This flexibility is supercharged by Cyberware, the game’s most transformative mechanic. Visiting a ripperdoc to install new augmentations feels like a tangible power spike. The Mantis Blades aren’t just cool-looking melee weapons; they enable brutal, acrobatic executions and a completely different combat rhythm. The double-jump or charged-jump leg implants don’t just aid traversal—they unlock new vertical routes through missions, turning the city’s architecture into a playground. The Sandevistan operating system, which slows time to a crawl, can make you feel like a cyber-ninja straight out of an anime, effortlessly slicing through a room of enemies before they can raise their guns. These aren’t incremental upgrades; they are build-defining purchases that make your V feel uniquely yours.

Where this mechanical depth stumbles is in the opposition you face. For all your godlike power, the enemy AI often feels like a cardboard cutout army. Adversaries will take cover behind laughably thin objects, charge predictably into kill zones, and generally fail to present a tactical challenge on normal difficulty. This turns many firefights into a power fantasy where you’re testing your latest toys on helpless targets rather than engaging in a dynamic duel. It’s a significant disconnect: you’re playing a deeply complex RPG, but your enemies are often operating on FPS-lite logic.

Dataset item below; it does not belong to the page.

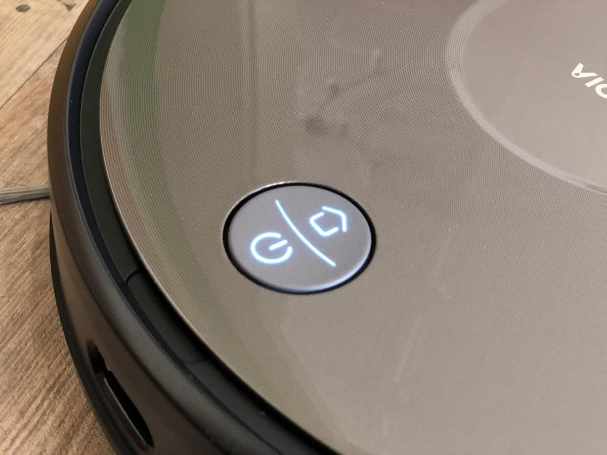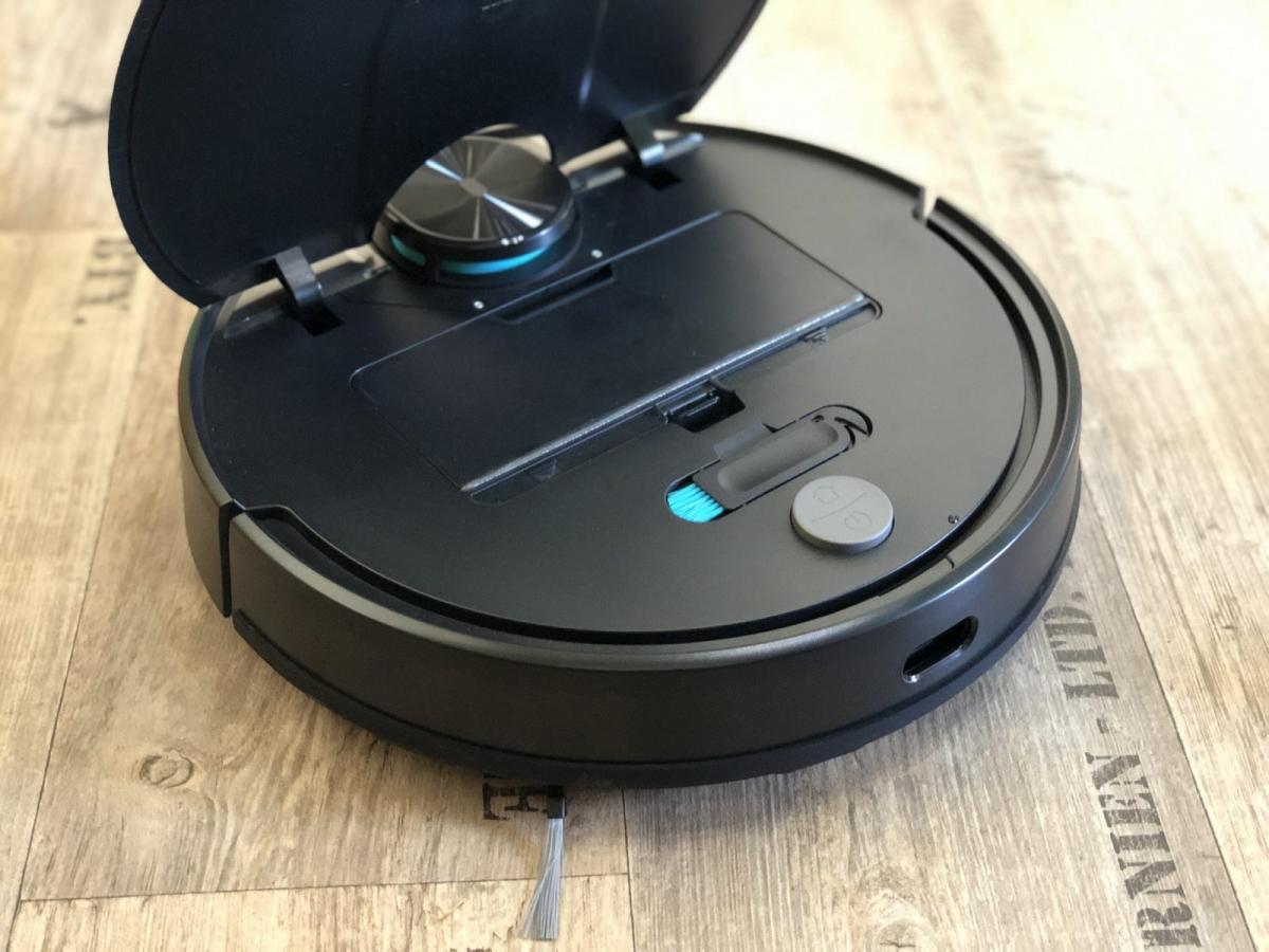 Auf seiner Oberseite befindet sich ein Schalter, mit dem man den Roboter starten, pausieren oder zur Ladestation zurückschicken kann. Unter seiner Klappe befindet sich der recht große Staubbehälter, der einfach mit dem gleich großen Wassertank ausgetauscht werden kann. Außerdem wurde noch ein praktisches Reinigungstool in den Roboter eingelassen. Das Gerät hat einen Durchmesser von 33 cm und weist eine geringe Höhe von 9,5 cm auf. Sein Deckel verfügt über eine Musterung und der Laserturm strahlt in einem außergewöhnlichen und CD ähnlichen Metalldesign, was das Gerät sehr hochwertig erscheinen lässt. Auf der Unterseite findet man die hellblaue Bürste und die nicht zu weiche Seitenbürste. Auch erkennt man die kleinen Löcher, die das Wasser auf das Wischtuch ausgeben.

The weapon arsenal does its best to keep things interesting. The distinction between Power weapons (ricocheting bullets off surfaces), Tech weapons (which charge to shoot through walls), and Smart weapons (with homing bullets) offers genuine tactical variety. Finding an Iconic weapon—a unique, named variant with a special twist—is always a thrill. However, this is where one of the system’s major seams shows. The crafting system feels like a vestigial limb. While you can upgrade your favorite Iconic gear, the act of crafting basic weapons and mods is rendered almost entirely pointless by the sheer volume of superior loot you find simply by playing. Critics rightly called it “dumb and useless”; it’s a menu-heavy chore that adds little to the core fantasy of being a cutting-edge mercenary in a world of disposable tech.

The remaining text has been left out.